Published on
the New York Times

A World in Denial of What It Knows

COULD there be a single phrase that explains the woes of our time, this dismal age of political miscalculations and deceptions, of reckless and disastrous wars, of financial boom and bust and downright criminality? Maybe there is, and we owe it to Fintan O’Toole. That trenchant Irish commentator is a biographer and theater critic, and a critic also of his country’s crimes and follies, as in his gripping if horrifying book, “Ship of Fools: How Stupidity and Corruption Sank the Celtic Tiger.”

He reminds us of the famous if gnomic saying by Donald H. Rumsfeld, then the United States secretary of defense, that “There are known knowns... there are known unknowns ... there are also unknown unknowns.” But the Irish problem, says Mr. O’Toole, was none of the above. It was “unknown knowns.”

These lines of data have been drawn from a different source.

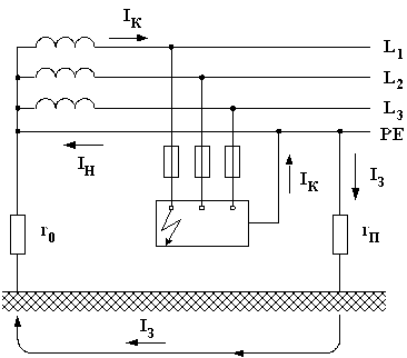 Рисунок 1 - Принципиальная схема зануления Иными словами, занулением называется преднамеренное электрическое соединение нетоковедущих металлических частей электроустановки, которые могут оказаться под напряжением вследствие замыкания фазы на корпус, с заземленной нейтральной точкой обмотки источника тока. Это соединение осуществляется с помощью нулевого защитного проводника (PE-проводника). Наиболее широкая область применения зануления – трехфазные четырехпроводные сети напряжением до 1000 В с глухозаземленной нейтралью). Принципиальная схема зануления показана на рис. 1.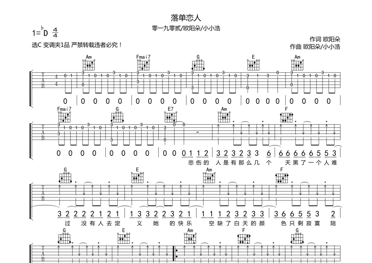 零一九零贰《落单恋人》吉他谱 - C调弹唱六线谱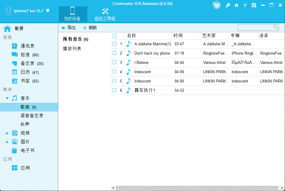 03点击“音乐”选项打开 iPhone 音乐库文件夹。您可以在右侧面板中浏览所有文件。此工具将完整显示所有音乐文件,包括类型、标题、时长、大小、流派、艺术家等信息。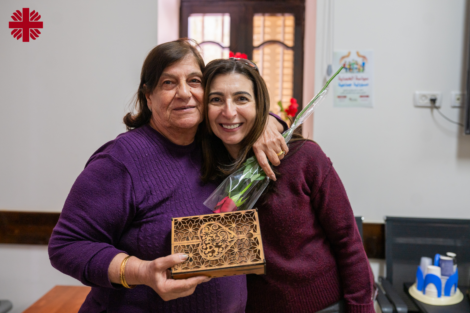 This spirit of appreciation was reflected in a meaningful way when Mr. Anton Asfar, Secretary General of Caritas Jerusalem, visited the female employees to extend his greetings and appreciation on this occasion. His presence was a simple but powerful gesture of gratitude and recognition, one that carried warmth and closeness. The visits also included Baytouna Elderly Day Care Center in Ramallah, Taybeh Medical & Rehabilitation Center, and Ramallah Vocational Training Center, where the same spirit of care, respect, and heartfelt appreciation was shared. These moments may seem small, but they carry deep meaning, because they remind women that their efforts are seen, their presence matters, and their work is truly valued.
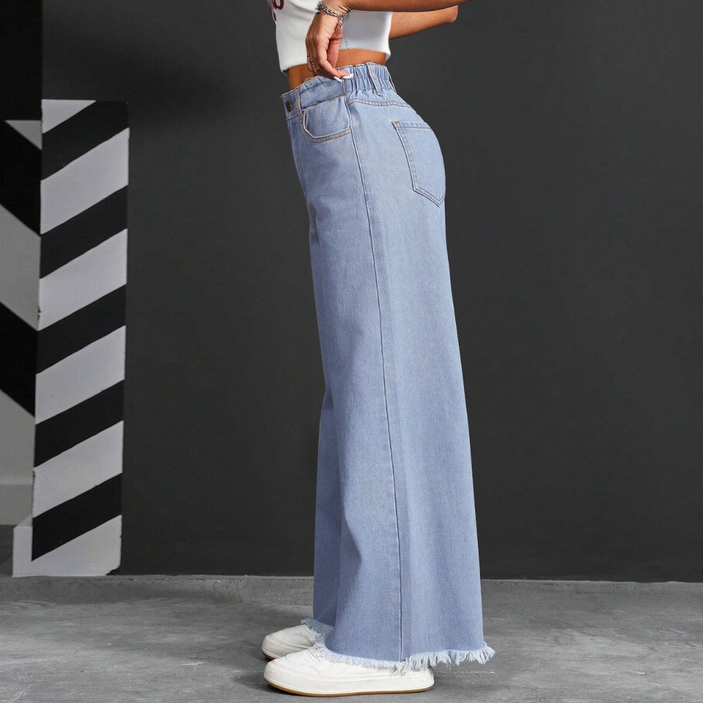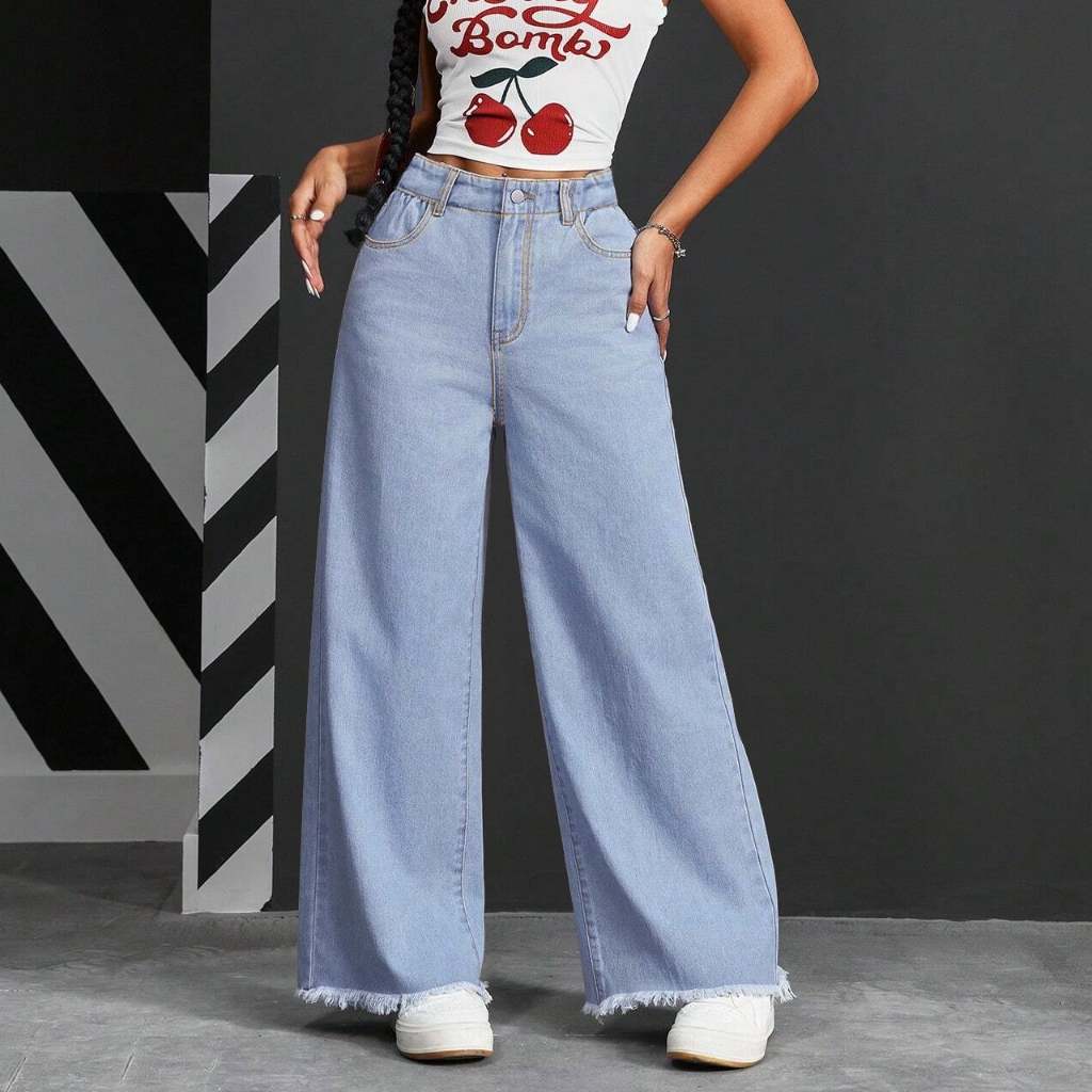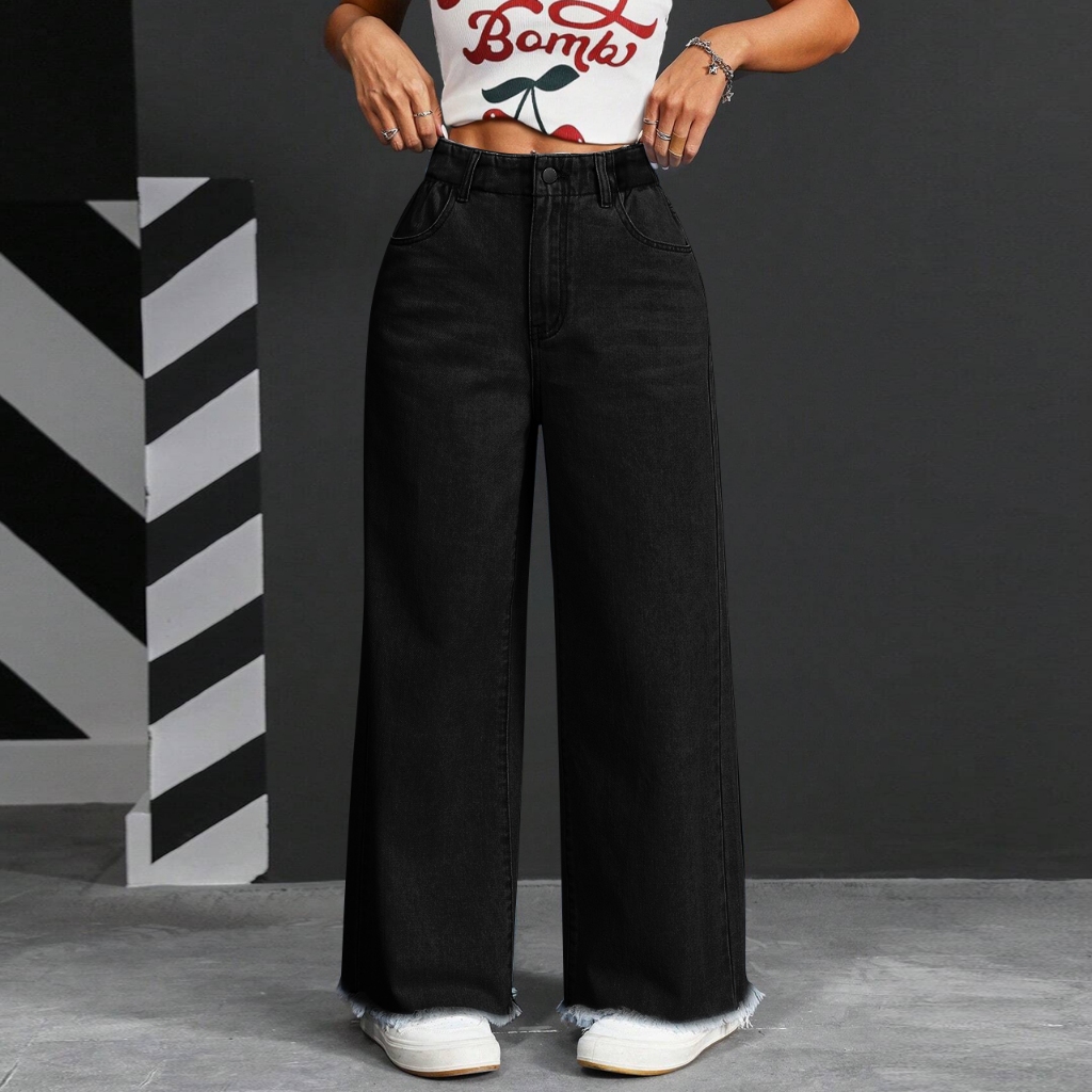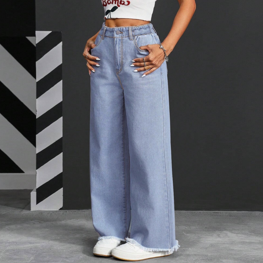 Jeans Baggy High Waist Plus Size Korean Style Pinggang Getah Seluar Baffel Jeans Wanita Denim

What he means is something different from denial, or evasion, irrational exuberance or excess optimism. Unknown knowns were things that were not at all inevitable, and were easily knowable, or indeed known, but which people chose to “unknow.”

Unknown knowns were everywhere, from Wall Street to Brussels, from the Pentagon to Penn State. Ireland merely happened to offer an extreme case, where “everyone knew.” They just chose to forget that they knew — about the way that Irish banks ran wild, how easy credit fueled a monstrous explosion of property prices and speculative house-building. Bertie Ahern, the Irish prime minister at the time of the rapid economic growth, merely boasted, “The boom is getting boomier,” preferring to unknow the truth that booms always go bust.

Beginning in 2008, the skies were lighted up by financial conflagrations, from Lehman Brothers to the Royal Bank of Scotland. These were dramatic enough — but were they unforeseeable or unknowable? What kind of willful obtusity ever suggested that subprime mortgages were a good idea? An intelligent child would have known that there is no good time to lend money to people who obviously can never repay it.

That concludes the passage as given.